Goal of the exercise: Reproduce word for word the line holding "非通用語(yǔ)種專家系列講" and all lines after it in the data, through the end, leaving out pictures.

Data excerpts

_ _ _ _ _ _ _

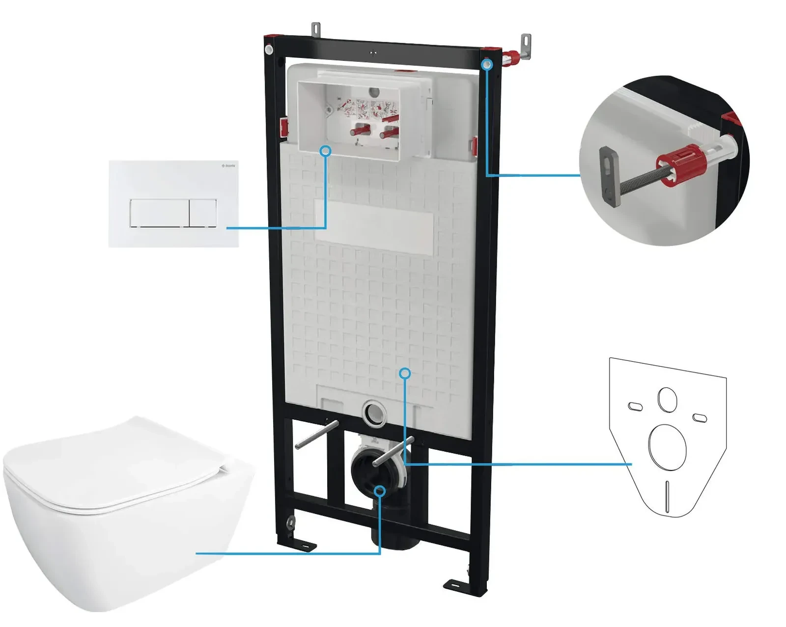 Zestaw podtynkowy WC składa się z wiszącej miski bezkołnierzowej, przycisku w wykończeniu bianco oraz maty wygłuszającej. Komfort korzystania z toalety zapewni wolnoopadająca deska i podkładka akustyczna, które mają za zadanie wygłuszać hałas. Miska pozbawiona kołnierza ułatwi zachowanie czystości, ponieważ nie posiada wszelkich randów i zakamarków. Mata wygłuszająca niweluje nierówności pomiędzy płytką i miską WC. Całość stabilizuje wytrzymała, stalowa rama.
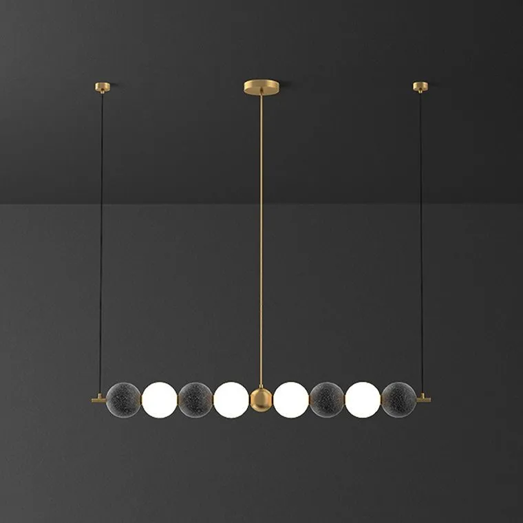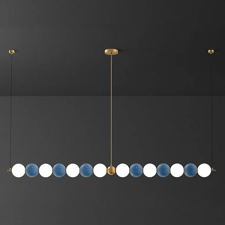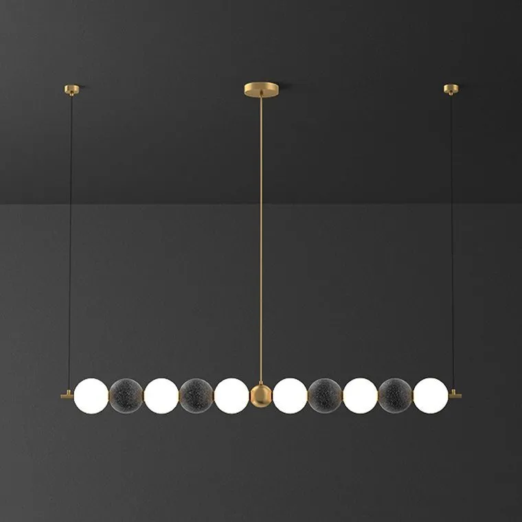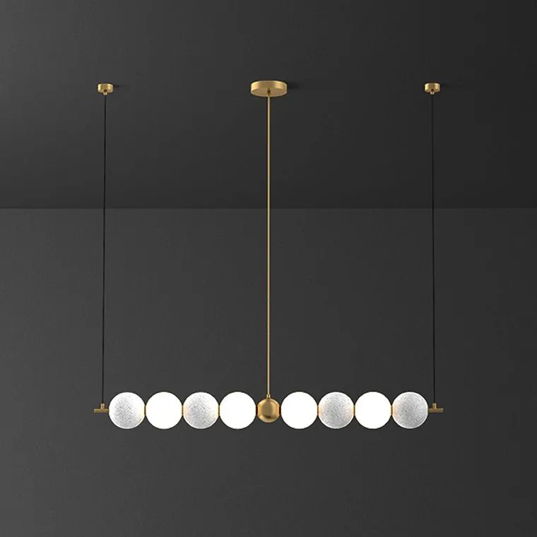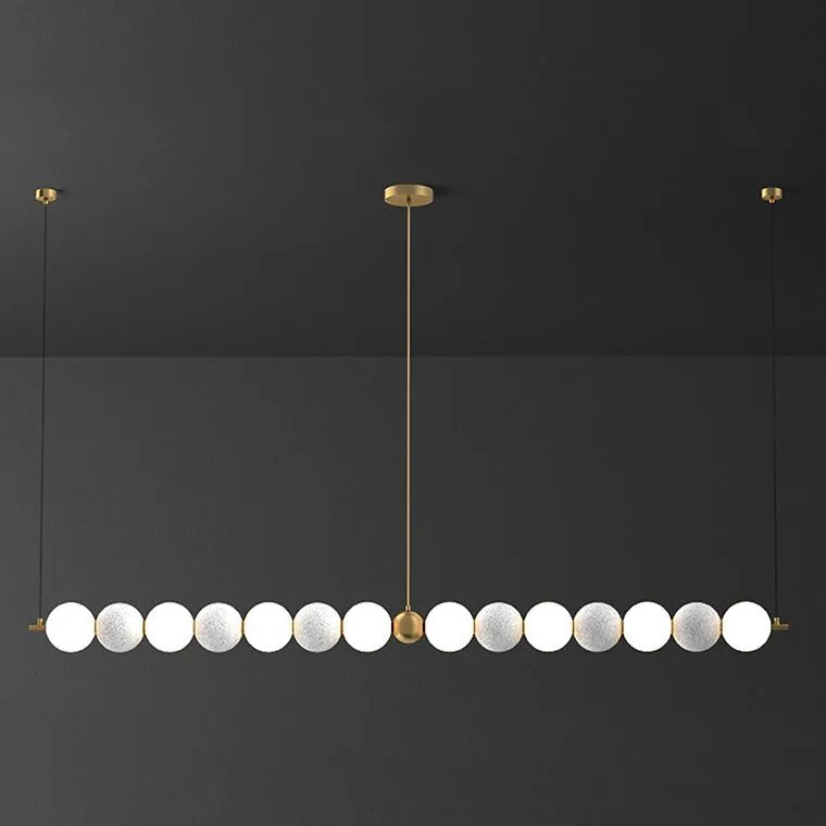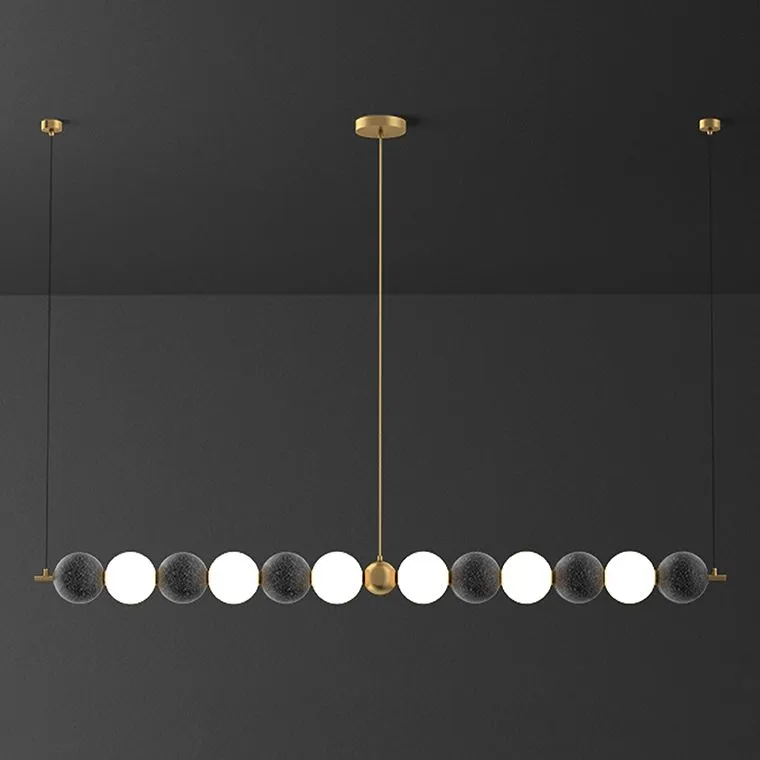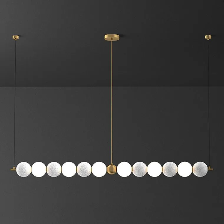 Реечные люстры ANCHAN G доступны в 4 комплектациях: на 8 шаров (4 лампы, размер - 113 х 12 см), на 10 шаров (6 ламп, размер - 137 х 12 см), на 12 шаров (6 ламп, размер - 160 х 12 см), на 14 шаров (8 ламп, размер - 160 х 12 см).
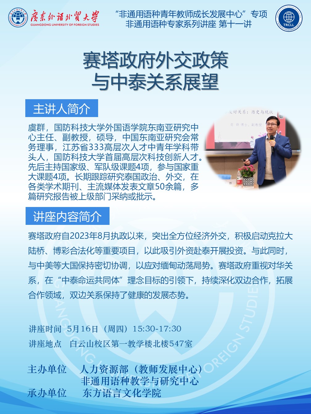非通用語(yǔ)種專家系列講座第十一講:賽塔政府外交政策與中泰關(guān)系展望
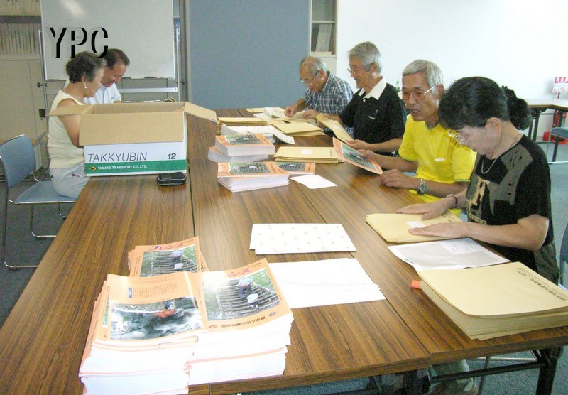 広報担当の事務局員、理事らが集まり行われたフレンズの発送作業(8月6日撮影)
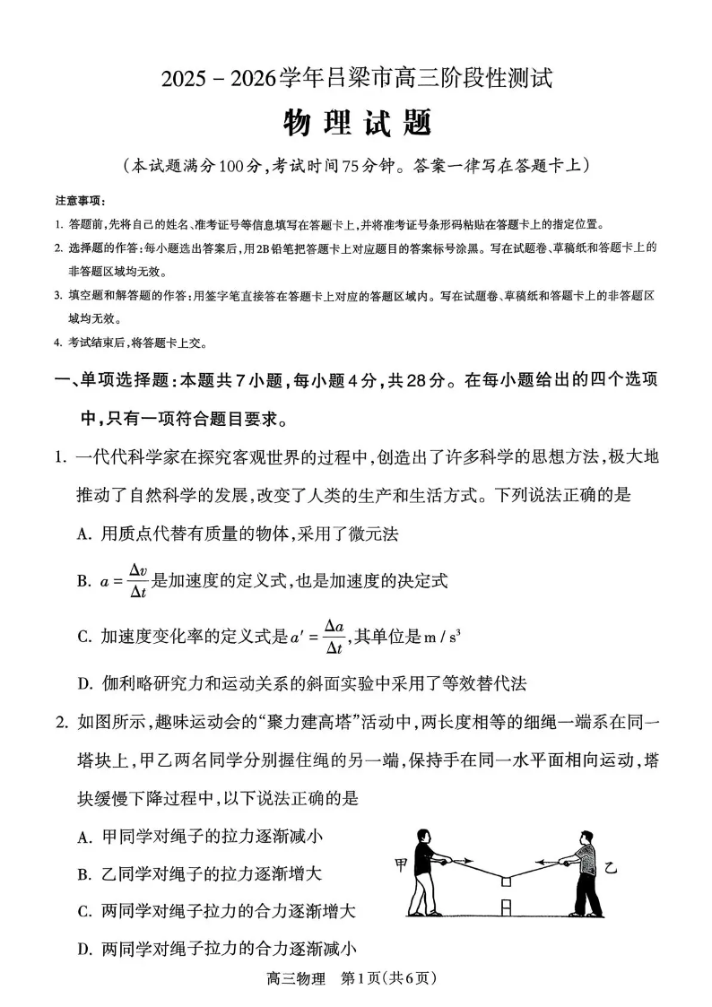 2025-2026学年吕梁市高三阶段性测试 物理.pdf

_ _ _ _ _ _ _

Task response:
非通用語(yǔ)種專家系列講座第十一講:賽塔政府外交政策與中泰關(guān)系展望
 広報担当の事務局員、理事らが集まり行われたフレンズの発送作業(8月6日撮影)
 2025-2026学年吕梁市高三阶段性测试 物理.pdf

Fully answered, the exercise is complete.